= List of county days in the United Kingdom =

County days in the United Kingdom are relatively recent observances, formed to celebrate the cultural heritage of a particular British county. County days may be selected to coincide with the observance of a Saint's Day that has local significance.

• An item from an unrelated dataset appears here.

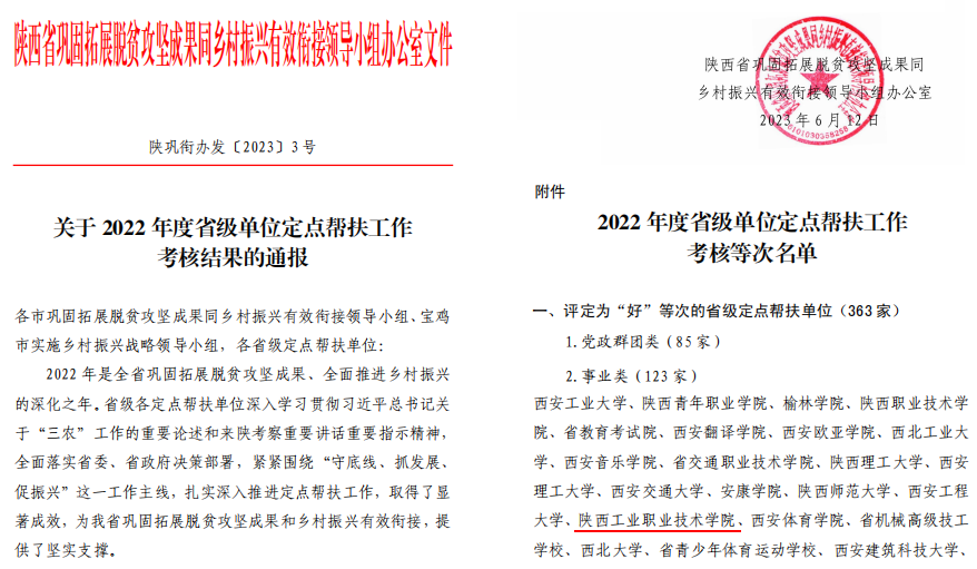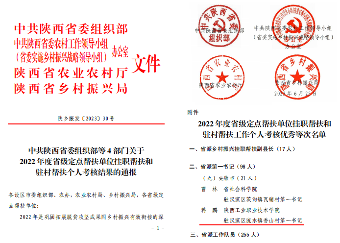日前,陕西省巩固拓展脱贫攻坚成果同乡村振兴有效衔接领导小组办公室下发《关于2022年度省级单位定点帮扶工作考核结果的通报》(陕巩衔办发〔2023〕3 号)文件,对2022年度省级单位定点帮扶工作考核结果进行了通报。我校被评定为定点帮扶工作成效考核评价最高等次“好”,这也是我校连续第五年获得该成绩。在省委组织部、省委农办、省农业农村厅、省乡村振兴局下发《中共陕西省委组织部等4部门关于2022年度省级定点帮扶单位挂职帮扶和驻村帮扶个人考核结果的通报》(陕乡振发〔2023〕30号)文件中,我校派驻安康市汉滨区流水镇香山村第一书记蒋鹏获评省级定点帮扶单位第一书记考核“优秀”等次。

| County | Date | First observed | Origin |
|---|---|---|---|
| Bedfordshire | 28 November | 2015 | Date decided by a public vote organised by The Friends of Bedfordshire society |
| Black Country Day | 14 July | 2012 | Date chosen as it is considered to be the date of the inception of the Newcomen engine, the first commercially successful engine. |
| Buckinghamshire | 29 July | 2015 | Date selected to remember the founding of the Paralympic Movement at Stoke Mandeville Hospital, near Aylesbury. |
| Cheshire | 30 March | 2021 | Commemorates the reissuance of Magna Carta of Chester in 1215. |
| Cornwall (St Piran's Day) | 5 March | c. 1900 | Previously a local holiday, revived as part of Cornish nationalism movement |
| Devon | 4 June | Traditional | Saint Petroc's Day |
| Dorset | 1 June | Traditional | The feast day of St Wite. |
| Durham | 20 March | Traditional | The feast day of St Cuthbert. |
| Essex | 26 October |  | St Cedd's Day |
| Hampshire | 15 July | 2019 | The feast day of St Swithun. Designated by Hampshire County Council |
| Huntingdonshire | 25 April | 2002 | Huntingdonshire Society |
| Kent | 26 May | Traditional | The feast day of Augustine of Canterbury, first Archbishop of Canterbury |
| Lancashire | 27 November | 1996 | Friends of Real Lancashire |
| Lincolnshire (Lincolnshire Day) | 1 October | 2006 | Commemorates the Lincolnshire Rising of 1536 |
| Middlesex | 16 May | c. 2003 | John Randall originated early day motion |
| Norfolk | 27 July | 2018 | A project between BBC Radio Norfolk and the Eastern Daily Press (EDP). |
| Northamptonshire | 25 October | 2014 | The feast day of Saints Crispin and Crispinian, the patron saints of cobblers, date decided by a public vote |
| Northumberland | Last Sunday in May | 2017 | A privately run day originally started by Catapult PR and Langley Castle Hotel, after consultation with a variety of key stakeholders and businesses.^{[citation needed]} It is now run by Catapult PR and The County Day Company and has been hugely successful, scooping the national Chartered Institute of Public Relations Excellence Award for the Best Tourism PR Campaign in the UK, in May 2018, as well as other awards thus far.^{[citation needed]} Northumberland Day in 2020 has become the first 'virtual' county day.^{[citation needed]} |
| Nottinghamshire | 25 August | 2021 | Anniversary of the start of the English Civil War, an event triggered by Charles I raising the royal standard at Nottingham Castle in 1642 |
| Orkney | 16 April | Traditional | The feast day of Saint Magnus |
| Oxfordshire (Oxfordshire Day) | 19 October | ? | Also called Saint Frideswide's Day. |
| Shetland | 21 June | Traditional | Celebrated in the Shetland Isles annually. |
| Shropshire | 23 February | Traditional | The feast day of St Milburga, the abbess of Wenlock Priory, Shropshire. |
| Staffordshire | 1 May | 2016 | Date decided by a public vote organised by Destination Staffordshire |
| Suffolk | 21 June | 2017 |  |
| Sussex (Sussex Day, also known as St Richard's Day) | 16 June | 2007 | The feast day of St Richard of Chichester, Sussex's patron saint Recognised by county councils of East and West Sussex |
| Wiltshire | 5 June | 2007 | The date the 'Bustard flag' was first flown over County Hall, Trowbridge. |
| Yorkshire (Yorkshire Day) | 1 August | 1975 | Yorkshire Ridings Society |

The Association of British Counties has proposed the 23rd of April as county day for Warwickshire. The date was chosen as the birthday (and date of death) of William Shakespeare.

Proposals exist for various days in Somerset.

There is also a proposal to make the 29th of July Buckinghamshire Day. This date was chosen because of its importance to the founding of the Paralympic Games movement. The games grew from events held at Stoke Mandeville hospital in Buckinghamshire for British World War II veterans with spinal cord injuries. The Memorial Mob, a Bucks-based group which creates Memorials to Lost & Forgotten events of the Armed & Emergency Services, felt it was appropriate to honour Buckinghamshire.